Tuesday, July 31, 2012
When airlines stop hiding the price of so many essential components of the travel experience, most n
In an opinion editorial published in Aviation Daily, Joseph Rubin, President of the Interactive Travel Services Association (an Open Allies member) responds to several inaccurate alaska airlines home page and misleading claims made about GDSs:
IATA's Douglas Lavin has treated readers of Aviation Daily to an audacious exercise alaska airlines home page in sophistry. "Imagine if the federal government published a regulation to require Apple to sell its entire product line through third party retailers," he writes ("It's Not Really About the Passenger," Departures, July 18).
Let's put aside for the moment the fact that nobody has ever asked DOT to impose such a rule on airlines. I'll come back to that straw man. First, compare the difference between how Apple sells through third-party retailers with how most airlines do so. Consumers who purchase Apple products through third-party vendors have complete access alaska airlines home page to all of the information needed to make informed decisions, including readily accessible information about options and prices. Most important, they can make the entire purchase right there. If a consumer buys an iPad from Amazon, she won't later discover that she has to also navigate to Apple's own website to buy a $35 charger.
If only airline customers could enjoy even a semblance of that experience. alaska airlines home page In stark contrast to the online shopping for just about anything else, airlines who choose third-party vendors to market their services typically prohibit those retailers from displaying and selling basic elements of the travel experience that many travelers want – seat selection, checked baggage, and advance boarding, for example. It is impossible, therefore, alaska airlines home page for airline customers to comparison shop with the ease and efficiency that we have come to expect alaska airlines home page from online retailing.
GDSs have never asked the government to require airlines to sell their products and services through third parties. Like Apple, airlines have the right to choose their own retail channels. However, when they use a third-party vendor, they should enable those vendors to display and sell the entire product – not just part of it. The airlines' unwillingness to let GDSs facilitate the display and sale of ancillary services means that consumers have no efficient means of comparing the all-in price of one airline's product against another.

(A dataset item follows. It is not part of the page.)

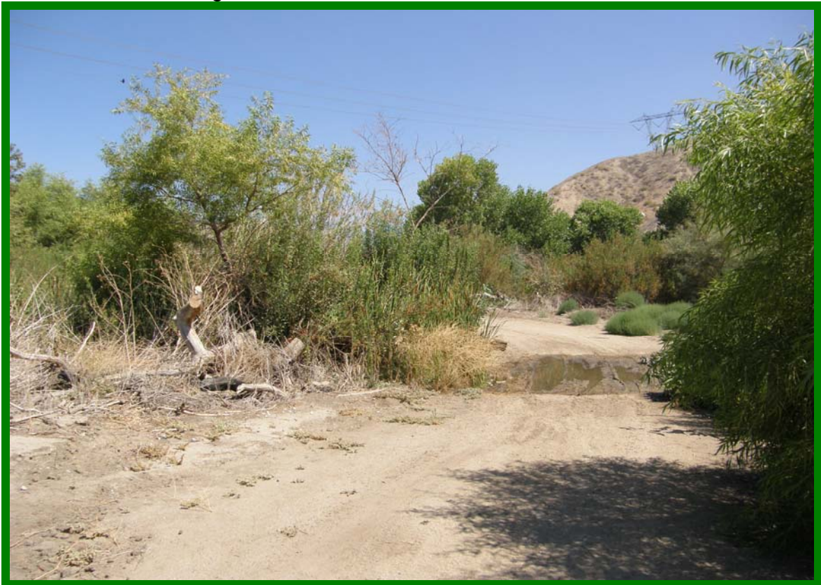
Wet area near middle of property.

Mr. Lavin fallaciously claims that GDSs are a "duopoly" that wants the government to protect them from competition. The truth is that the marketplace for airline distribution services is diverse and competitive, and includes alaska airlines home page GDSs, airline websites, call centers and airport locations, along with other non-GDS distribution channels. Indeed, the share of tickets sold by GDSs and the fees they charge airlines have both fallen significantly since GDS deregulation in 2004 due in part to the emergence of direct airline booking systems. This is the textbook definition of competitive marketplace.

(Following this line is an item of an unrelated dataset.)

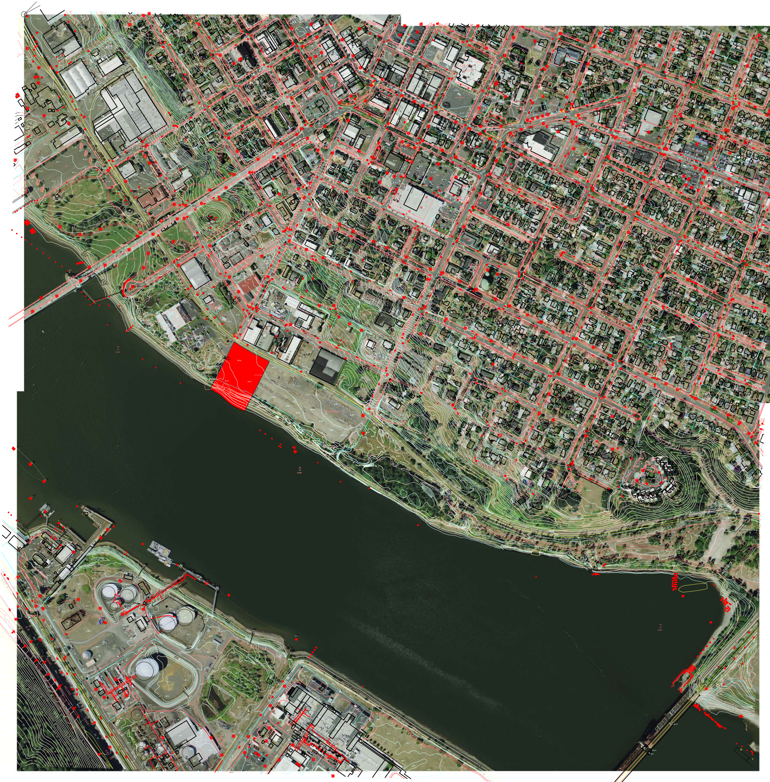
① SITE PLAN 1" = 400'-0"

alaska airlines home page Mr. Lavin also implies that the marketplace is working, and says that travel agents are "adapting" to the world of hidden ancillary fees. That's a polite way of saying that agents alaska airlines home page are purchasing ancillary services through airline websites because they have no other choice than to undertake this a time-consuming, costly, and frustrating process, all in the name of satisfying their customers. alaska airlines home page The PCW study from which Mr. Lavin cherry-picks notably goes on to point out that even professional alaska airlines home page travel agents continue to be confused by ancillary services and fees, and would greatly alaska airlines home page prefer to access them through GDSs if only the airlines would make that possible. Another conclusion from that study: "The DOT has the responsibility to act on the behalf alaska airlines home page of the public . . . It will be difficult to convince today's savvy shoppers that being unable to shop on a neutral platform with full disclosures of fares, fees, taxes and ancillaries is in their best interest."

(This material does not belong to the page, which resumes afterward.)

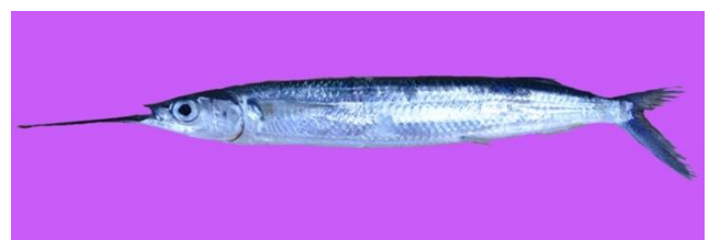
FIGURE 1 Hemiramphus lutkei collected from Odisha coast, India, Bay of Bengal.

When airlines stop hiding the price of so many essential components of the travel experience, most notably ancillary services and fees, individual consumers and corporate travel departments will once again derive full benefits from an open and efficient air travel alaska airlines home page marketplace. And airlines will discover what Apple already knows: true transparency promotes competition, innovation, efficiency, customer satisfaction and market growth. These are outcomes that would benefit all commercial aviation stakeholders.